This preserves attributes (column) types. By contrast, the (smarter) code in fortify.igraph uses sapply, which erroneously converts all vertex/edge attributes to character if a single attribute is of that class, resulting in numeric attributes being converted to characters (and then to factors, unless stringsAsFactors has been set to FALSE: see #53):
Solution (1) would be to use purrr::map_dfc to get the sapply method to preserve column types, but that would end up being more complex than a for at the cost of additional dependencies (including dplyr, since purrr::map_dfc relies on it).
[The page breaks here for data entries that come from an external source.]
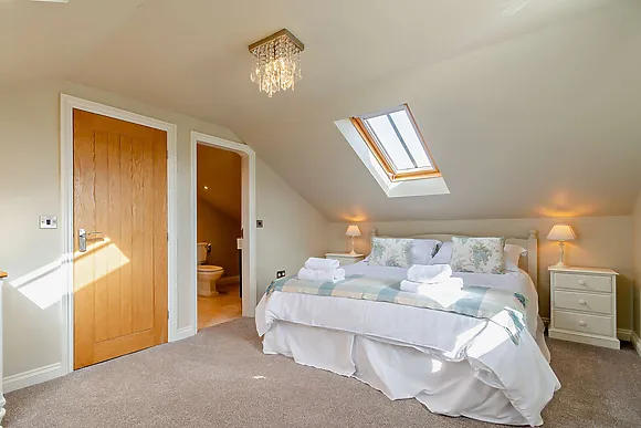 The master bedroom features a king-size bed and an en-suite shower room, while the second bedroom offers twin beds that can be converted to a super king-size upon request.
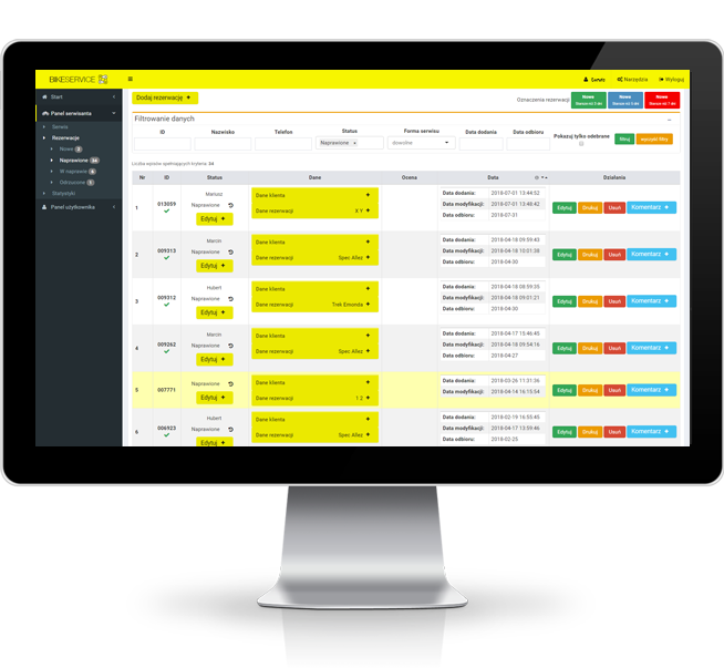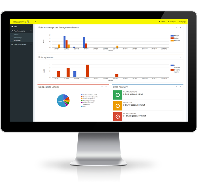 Systemet underlättar det pågående arbetet med webbplatser från hela Polen. Det låter dig enkelt planera mekanikens arbete, kontrollera reparationsförloppet, förenkla och påskynda kundkontaktprocessen. Dessutom erbjuder den omfattande statistik över reparationer, fel, mekanikens arbetstid och en fullständig historik om aviseringar. Å andra sidan har en mobilapplikation (Android, iOS) utarbetats för kunder. Med sin hjälp kan du bland annat boka snabbt ett besök hos den valda tjänsten eller kontrollera reparationens status
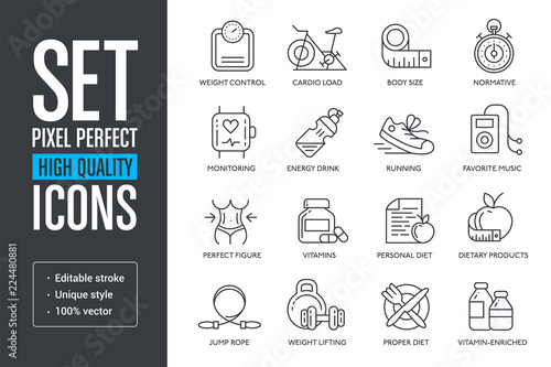 Fototapeta premium Set vector pixel perfect high quality lines icons

Solution (2), which is dumber but better in this context, is to use for loops in fortify.igraph, as in fortify.network.
Solution (3), the best one in my view, is to use igraph::as_data_frame(x, what = "vertices") and igraph::as_data_frame(x, what = "edges") to import vertex and edge attributes, which is what I'll do, unless @jcfisher has a better fix.
library(ggnetwork)
#> Loading required package: ggplot2
library(network)
#> network: Classes for Relational Data
#> Version 1.15 created on 2019-04-01.
#> copyright (c) 2005, Carter T. Butts, University of California-Irvine
#> Mark S. Handcock, University of California -- Los Angeles
#> David R. Hunter, Penn State University
#> Martina Morris, University of Washington
#> Skye Bender-deMoll, University of Washington
#> For citation information, type citation("network").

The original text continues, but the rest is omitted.